Material for this exercise section start
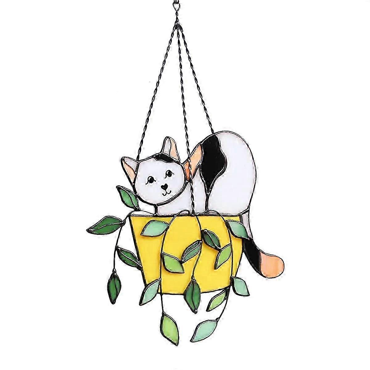 Cat in a Flowerpot Stained Glass Window Decor, Crystal & Acrylic Suncatchers
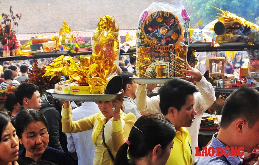 Rất nhiều đồ lễ được người dân mang đến làm lễ.
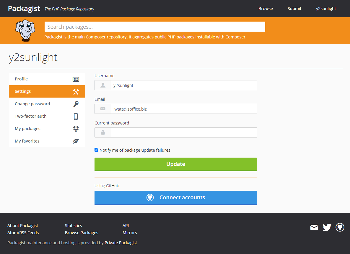 ここで、Packagistで登録しているメールアドレスをGravatarにも登録して、そのメールにアバター画像を紐付けすれば、Packagistの プロフィールのアバターが変更できます。
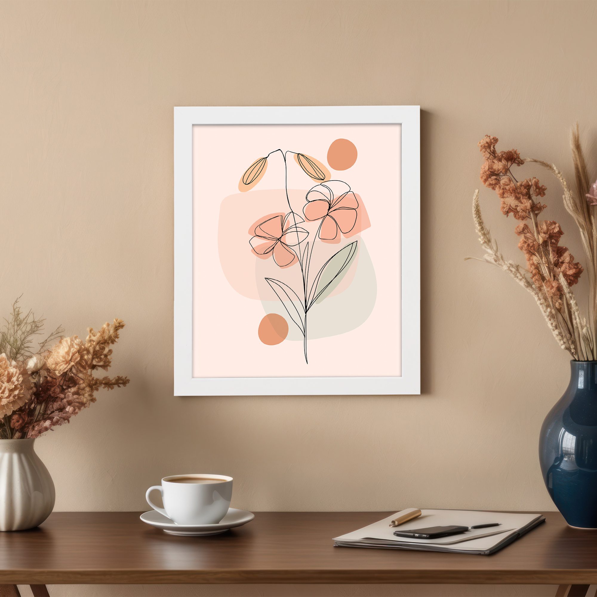 Bring a soft and elegant touch to your space with our Minimalist Wall Art. This design features a delicate floral line art illustration combined with smooth abstract shapes and circular accents. The composition is clean and balanced, creating a calm and modern aesthetic.
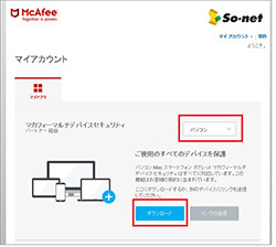 マイアカウンページが表示されたら、右上のプルダウンで、[パソコン]が選択されていることを確認し、[ダウンロード]をクリックしてください。
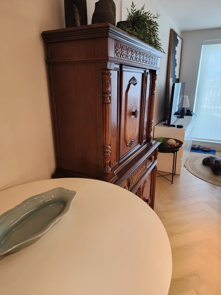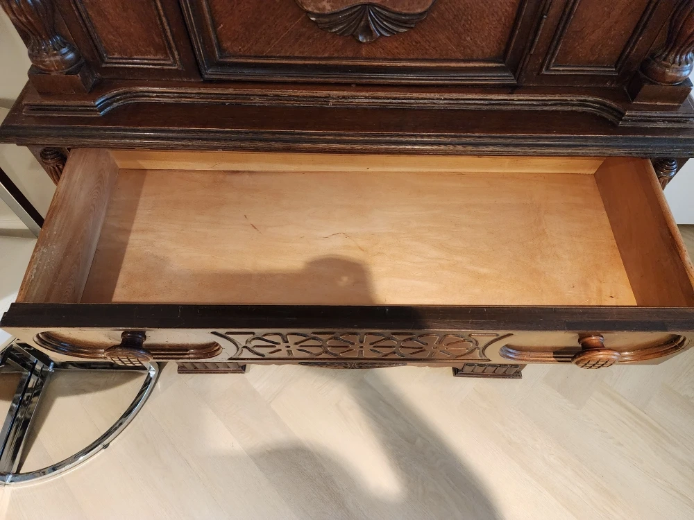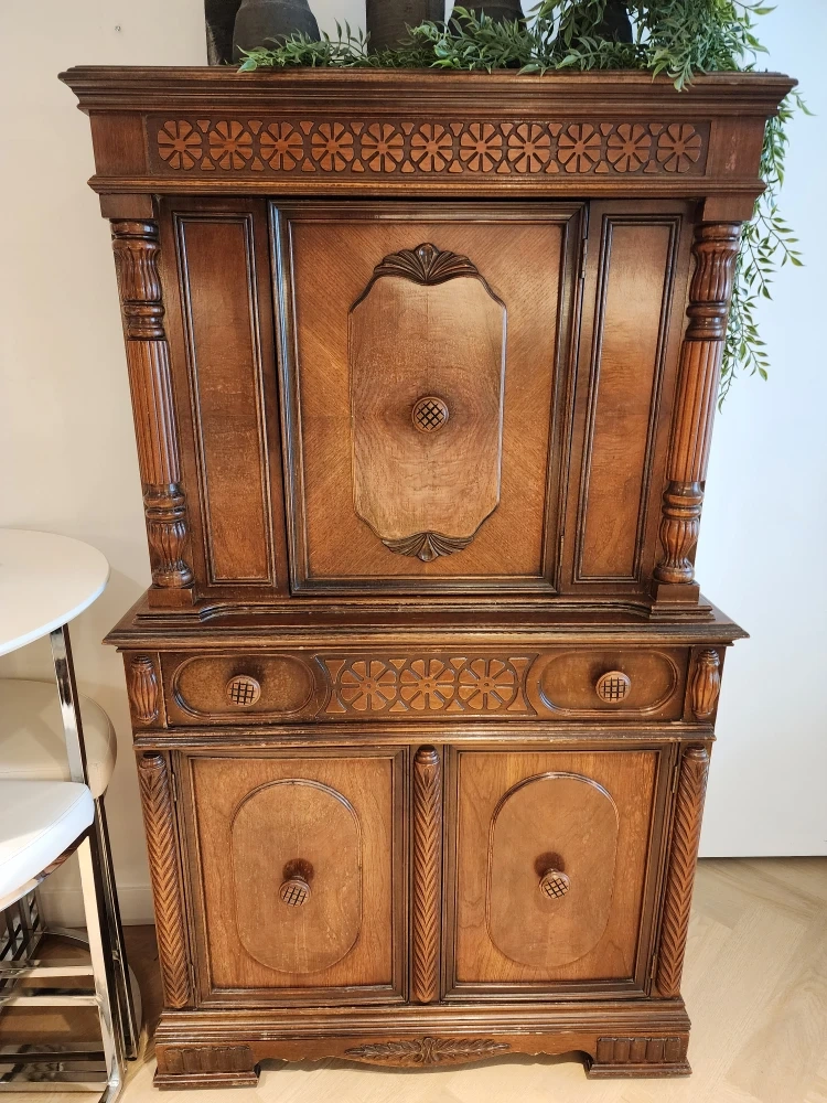 This beautiful china cabinet is crafted from dark wood and features decorative carvings. It has two lower doors, one drawer, and an upper section with shelves behind cabinet doors. A lovely piece for any dining or living space!
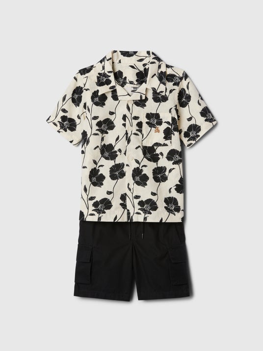 ファミリーリンクアイテムでは、ナイロン イージーショートパンツに加えて、ブラック&ホワイトのフラワープリントアイテムも必見です。メンズはリゾートシャツ、ウィメンズはミディドレス、ガールズ&トドラーガールズはタンクトップ、プルオン ショートパンツ、トドラーボーイズはコットンリネンシャツ×ショーツのセットアップなど、 バリエーション豊かにラインナップします。
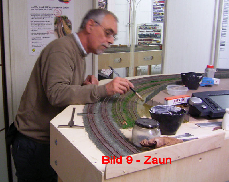 Bild 9 - Nach dem der Zaun fertig war, kam Bernd vorbei und spachtelte die Böschung an. Anschließend strich er alles mit einer mattgrünen Grundierung. Auf diese kommt dann später noch das Grünzeug und Büsche.
Material for this exercise section end
### What you need to do
The required output consists only of the lines from the one containing "マイアカウンページが表示され" to the last line of the material, reproduced exactly, pictures excluded.

### Expected answer
 マイアカウンページが表示されたら、右上のプルダウンで、[パソコン]が選択されていることを確認し、[ダウンロード]をクリックしてください。
 This beautiful china cabinet is crafted from dark wood and features decorative carvings. It has two lower doors, one drawer, and an upper section with shelves behind cabinet doors. A lovely piece for any dining or living space!
 ファミリーリンクアイテムでは、ナイロン イージーショートパンツに加えて、ブラック&ホワイトのフラワープリントアイテムも必見です。メンズはリゾートシャツ、ウィメンズはミディドレス、ガールズ&トドラーガールズはタンクトップ、プルオン ショートパンツ、トドラーボーイズはコットンリネンシャツ×ショーツのセットアップなど、 バリエーション豊かにラインナップします。
 Bild 9 - Nach dem der Zaun fertig war, kam Bernd vorbei und spachtelte die Böschung an. Anschließend strich er alles mit einer mattgrünen Grundierung. Auf diese kommt dann später noch das Grünzeug und Büsche.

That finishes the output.